Anomalous aortic origin of the left main coronary artery from the right aortic sinus (AAOLCA) is extremely rare, reported in 0.017 to 0.15% of patients undergoing angiography [1], [3], [4]. The risk of cardiac events in AAOLCA depends on its anatomical course, of which there are four: (1) anterior to the pulmonary artery, (2) posterior to the aorta, (3) through the intraventricular septum inferior to the pulmonary valve (intraseptal, intraconal, or intramyocardial course), or (4) in between the pulmonary artery and aorta superior to the pulmonary valve (interarterial course). The interarterial course carries the highest risk [5]. The reported risk of the intraseptal course varies from benign to malignant [4], [6]. In cases of CAF with AAOLCA, we should consider both risks.
CAF can be managed differently, depending on the morphology. Therapeutic options include surgical or transcatheter closure; recently, the latter is being increasingly used. However, aneurysm regression after intervention is unclear, especially in cases of intraseptal-type AAOLCA. We report our experience of successful transcatheter closure of CAF originating from the left coronary artery (LCA) with anomalous origin, draining into the right ventricular outflow tract (RVOT), using Amplatzer Vascular Plug II (AVP II; St. Jude Medical, Austin, TX, USA) and the angiographic changes to the aneurysm after closure.
Case report
A female neonate born at 41 gestational weeks presented with a cardiac murmur on day 6. She was referred to a pediatric cardiologist on day 10 and diagnosed with CAF. Echocardiography showed a markedly dilated LCA with continuous flow into the right ventricle (RV). She was clinically stable and did not show any signs of ischemia even when she was crying or being fed. At 2 years, she underwent her first cardiac catheterization. Angiography revealed a CAF originating from the LCA and draining into the RVOT. The LCA was dilated to 5.5 mm and development of collateral arteries from the right coronary artery (RCA) was observed. Hemodynamic and oximetry data demonstrated a pulmonary-to-systemic blood flow ratio (Qp/Qs) of 1.2 with normal pulmonary vascular resistance. No intervention was performed at this point. Second cardiac catheterization at 5 years of age revealed that the dilation of the aneurysm increased to 6.5 mm, while Qp/Qs was still 1.2. Antiplatelet therapy with aspirin was initiated, and the attending physician planned for CAF ligation at the age of around 10 years, when she would have gained enough weight to undergo surgery safely.
At 6 years of age, she was referred to our hospital at her family’s request. On physical examination, she had a grade 4/6 continuous murmur with a thrill along the left sternal border. Chest radiography and blood test results were unremarkable, except for slightly elevated brain natriuretic peptide levels (34.4 pg/ml).
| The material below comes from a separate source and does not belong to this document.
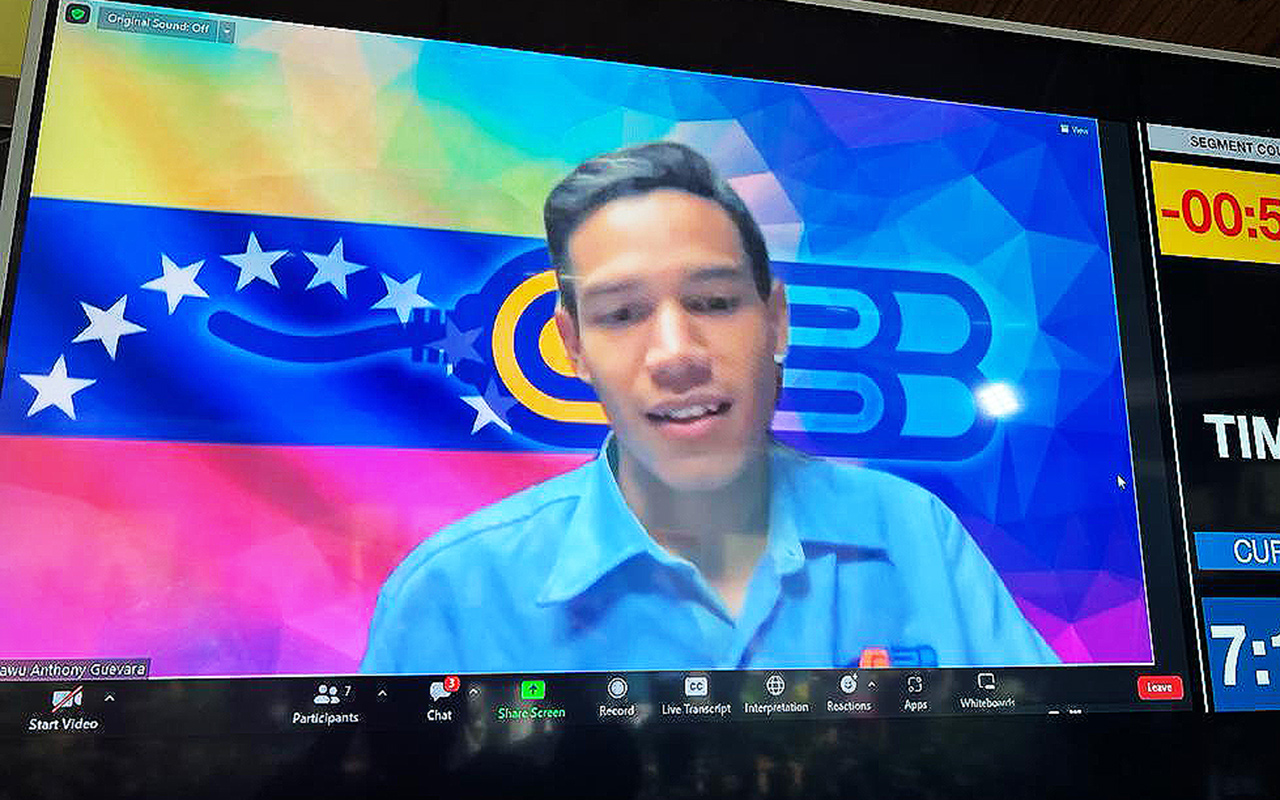Antony Guevara of the West Venezuela Union became this year’s Bible Connection top winner during the territory-wide competition hosted in Montego Bay, Jamaica, on Nov. 19, 2022. Guevara was one of five finalists who took part in the annual event from their home country. [Screenshot photo: Libna Stevens/IAD]
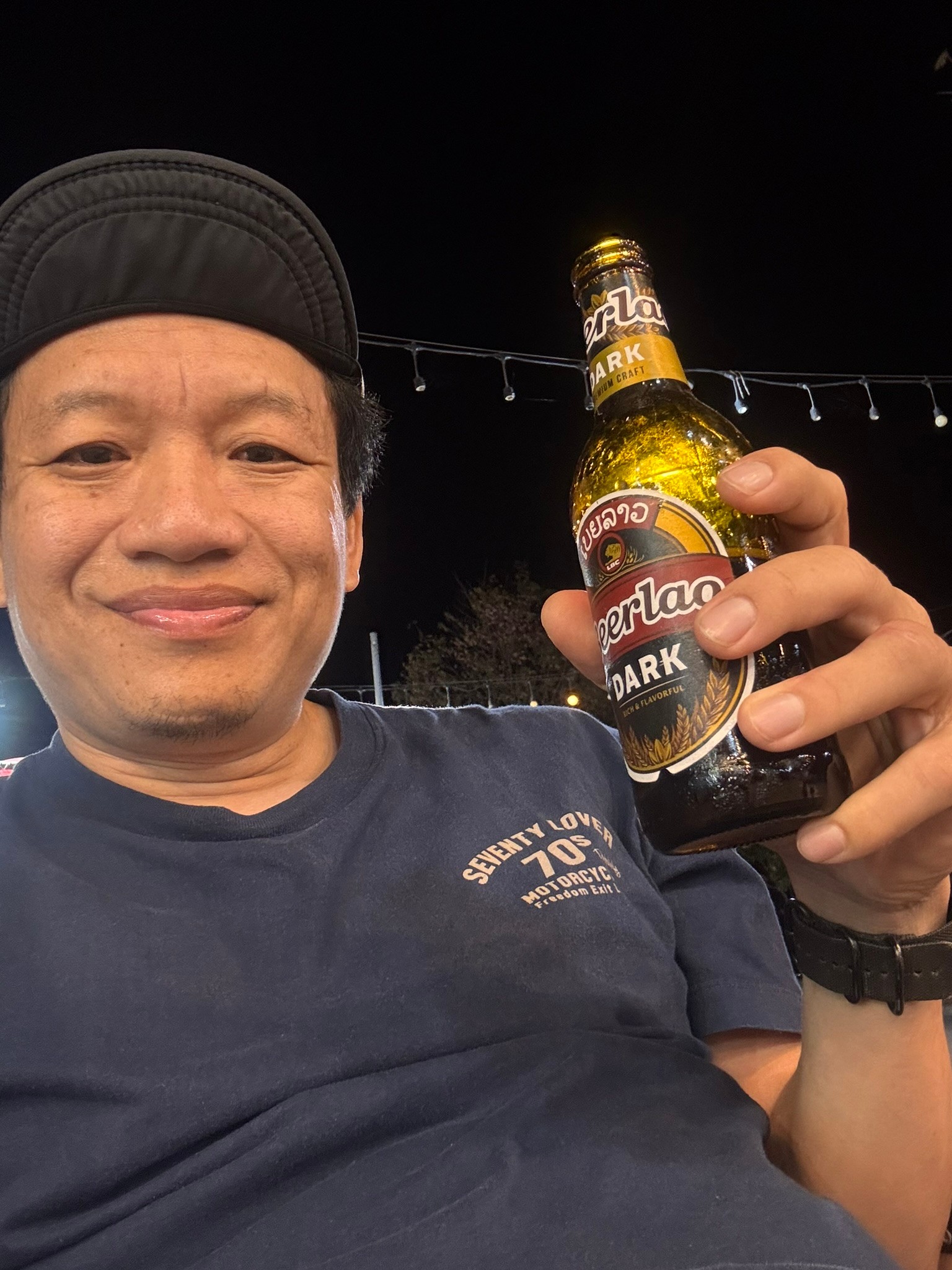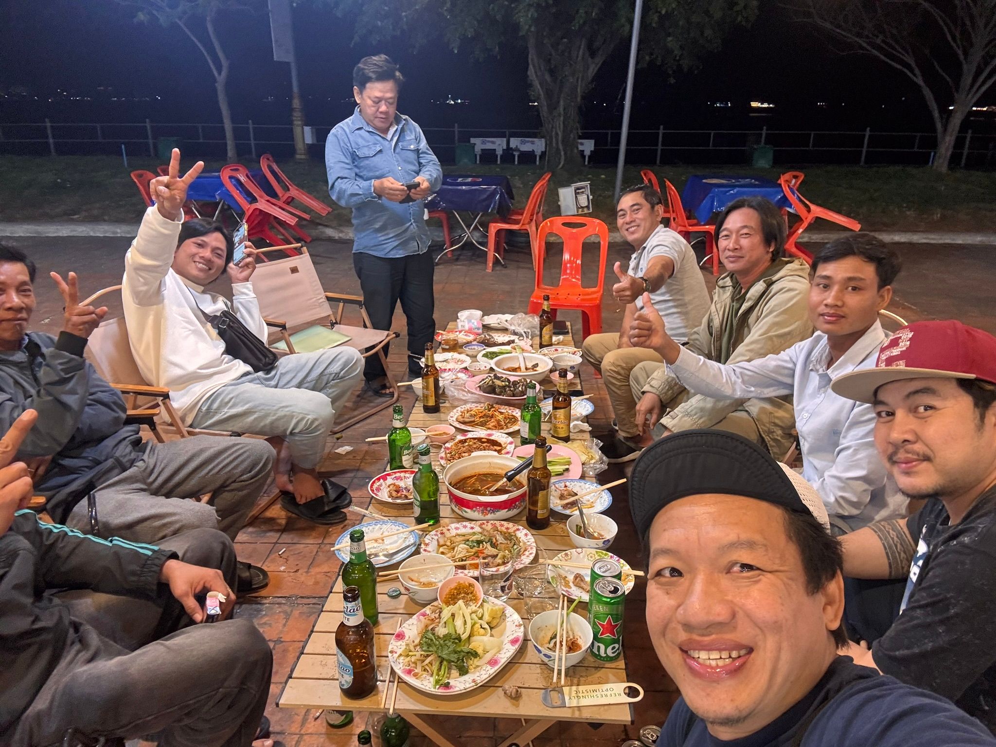 เดินร่อนไปมาหาที่นั่งดื่มสบายๆริมน้ำโขงแต่ด้วยความที่ไปคนเดียวเจอพวกพี่ๆทเวียดนามที่มาทำงานในลาวนั่งดื่มอยู่เรียกไปกินด้วยซะงั้นเอาละซิภาษายังไม่ได้จะคุยกันยังไงละทีนี้สุดท้ายก็ต้องใช้ตัวช่วยแปลภาษาในมือถือคราวนี้รู้เรื่องกันมากขึ้นคุยกันยาวยันร้านปิด เอาว่ะถือว่าซ้อมมือก่อนเจอของจริงว่ะ

Electrocardiography showed sinus rhythm, normal axis and intervals, and no ST-segment or T-wave changes. Adenosine stress myocardial perfusion imaging showed no remarkable findings. Transthoracic echocardiography revealed a markedly dilated LCA originating from the right aortic sinus running through the outlet portion of the interventricular septum (intraseptal course), normal origin and dimensions of the RCA, and a fistulous tract originating in the aneurysm and draining into the RVOT (Fig. 1A). Diastolic reverse flow in the descending aorta was also seen. Color flow mapping showed continuous flow in the RVOT below the pulmonary valve. Left ventricle (LV) was dilated to 110% of the normal value and systolic function was preserved. Neither asynergy nor pulmonary hypertension was seen. Computed tomography (CT) angiography revealed the anatomy and course of the CAF, aneurysm, and intraseptal-type AAOLCA (Fig. 1B–E).
Fig. 1.
Echocardiogram and computed tomography (CT) angiogram. (A) Transthoracic echocardiogram shows an aneurysm of the left coronary artery (LCA) measuring 8.1 mm and originating from the right aortic sinus with an intraseptal course (arrow). CT angiogram. (B) Aneurysm of the LCA originating from the right aortic sinus (arrow). (C) Intraseptal course of the LCA (arrow) and coronary fistula (CAF) originating from the aneurysm and draining into the right ventricular outflow tract (RVOT). Three-dimensional reconstruction (D) Frontal image, (E) Cranial image.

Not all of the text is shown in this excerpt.